# Raining Season



## Hyun007 (Jun 13, 2016)

The raining season is here for me. My paphiopedilum are normally outside. Should i bring them in or leave it out to soak?


----------



## Ray (Jun 13, 2016)

If your potting medium is "open" enough to remain airy, it shouldn't be an issue.


----------



## JAB (Jun 13, 2016)

"Here" is relative without being a bit more specific


----------



## NYEric (Jun 14, 2016)

In some places Paphs grow in pots of water.


----------



## Hyun007 (Jun 15, 2016)

I am located in Koh Samui, Thailand.

I love the idea of paphio sitting in water.
Where can I find information about it.


----------



## My Green Pets (Jun 15, 2016)

I have been there! Beautiful beaches and nice people. And good food!


----------



## NYEric (Jun 15, 2016)

Hyun007 said:


> I am located in Koh Samui, Thailand.
> 
> I love the idea of paphio sitting in water.
> Where can I find information about it.



I think paphioboy posted some from Malaysia.


----------



## paphioboy (Jun 15, 2016)

Depends what kind of paphs you have and what size. Seedlings are better shaded. Adult multifloras love rain, they can take a lot of water with no problem, so does exul. If you grow brachys, better shaded from heavy rain. They are very prone to rots when the leaves are wet for extended periods. I presume you are using the normal medium that Thai growers use; leca, pumice rock and a little bark.


----------



## paphioboy (Jun 15, 2016)

Hyun007, this is the thread:

http://www.slippertalk.com/forum/showthread.php?t=35080&highlight=paphs+water


----------



## Hyun007 (Jun 16, 2016)

paphioboy said:


> Depends what kind of paphs you have and what size. Seedlings are better shaded. Adult multifloras love rain, they can take a lot of water with no problem, so does exul. If you grow brachys, better shaded from heavy rain. They are very prone to rots when the leaves are wet for extended periods. I presume you are using the normal medium that Thai growers use; leca, pumice rock and a little bark.



Thanks for the information. I am using mostly charcoal chips and some i mixed with pumice stones. 

With the humidity here, water on leaves are usually dry fast, just not so sure about roots.


----------



## NYEric (Jun 16, 2016)

FYI, I now have a bunch of Paphs with their pots in saucers full of water.


----------



## paphioboy (Jun 16, 2016)

NYEric said:


> FYI, I now have a bunch of Paphs with their pots in saucers full of water.

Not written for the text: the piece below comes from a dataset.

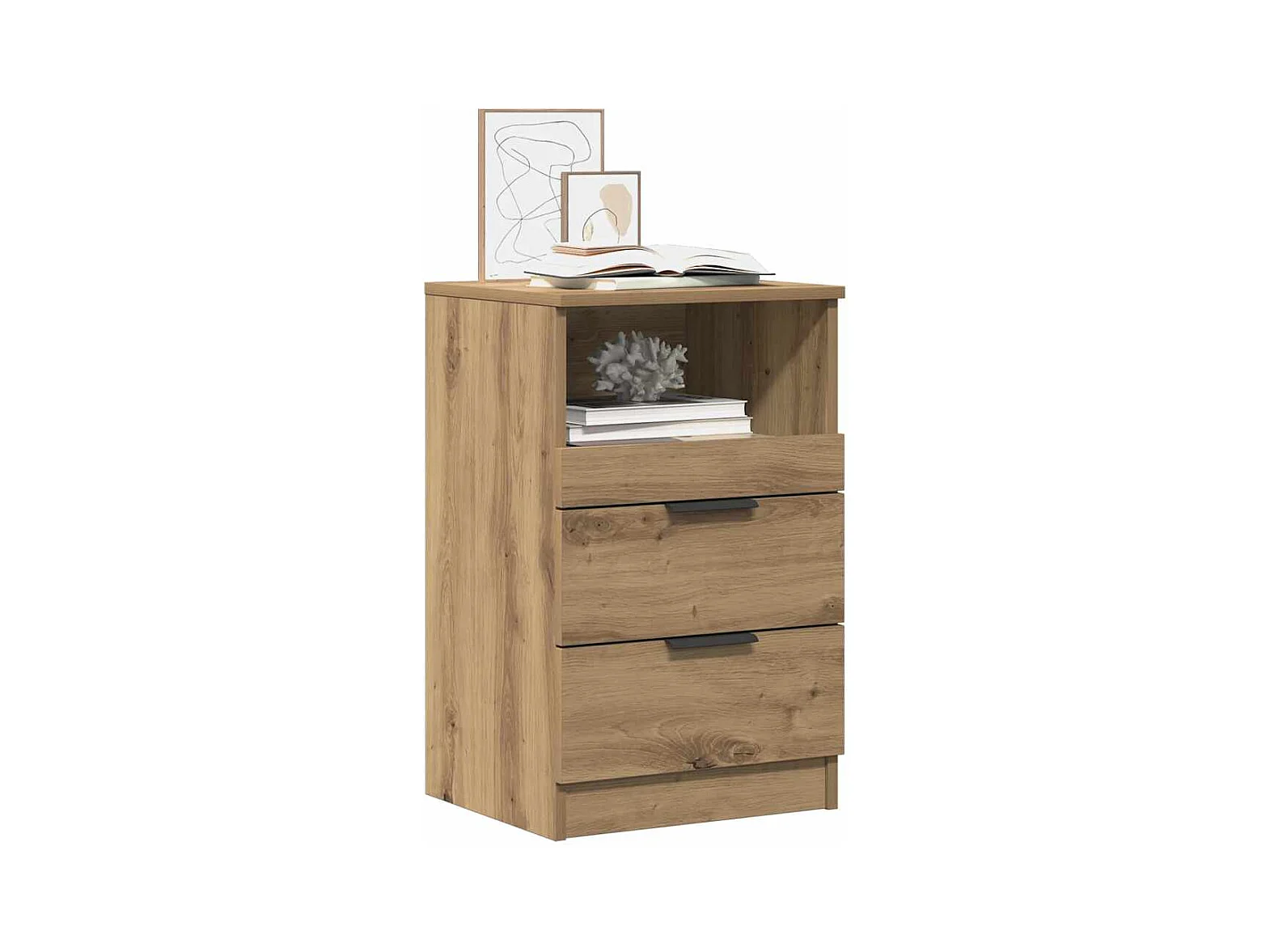 Table de chevet avec 3 tiroirs vieux bois 39x35x65 cm

Doesn't your NYC apartment get mouldy? oke:


----------



## Hyun007 (Jun 17, 2016)

NYEric said:


> FYI, I now have a bunch of Paphs with their pots in saucers full of water.



what type of paphs should we not put on saucers full of water?


----------



## Hyun007 (Jun 17, 2016)

paphioboy said:


> Doesn't your NYC apartment get mouldy? oke:



I do not think that will be an issue.


----------



## NYEric (Jun 17, 2016)

paphioboy said:


> Doesn't your NYC apartment get mouldy? oke:



Yes it does, but we have enough airflow that it is not a health issue. Anyway, I don't care - anything for the orchids! :crazy:


----------



## cnycharles (Jun 19, 2016)

Hyun007 said:


> I do not think that will be an issue.





 in upstate ny a few years back (winter) I really upped the humidifying in my grow carts and mildew started sprouting along the outside edge of ceiling and on one of the old chairs the landlord had given me.  Even with electric heat things got out of hand


Elmer Nj


----------



## Hyun007 (Jun 26, 2016)

cnycharles said:


> in upstate ny a few years back (winter) I really upped the humidifying in my grow carts and mildew started sprouting along the outside edge of ceiling and on one of the old chairs the landlord had given me.  Even with electric heat things got out of hand
> 
> 
> Elmer Nj



Mildew sprouting is really too much! You love the plants more than the house? Does any of you guys use humidifier for the plants? Might works wonder.


----------



## cnycharles (Jun 26, 2016)

the mildew was from the humidifier, which was enclosed in a plastic wrapped grow cart. The plants were happy... 
Where you are where it's warm and have air movement you won't have the same situation


----------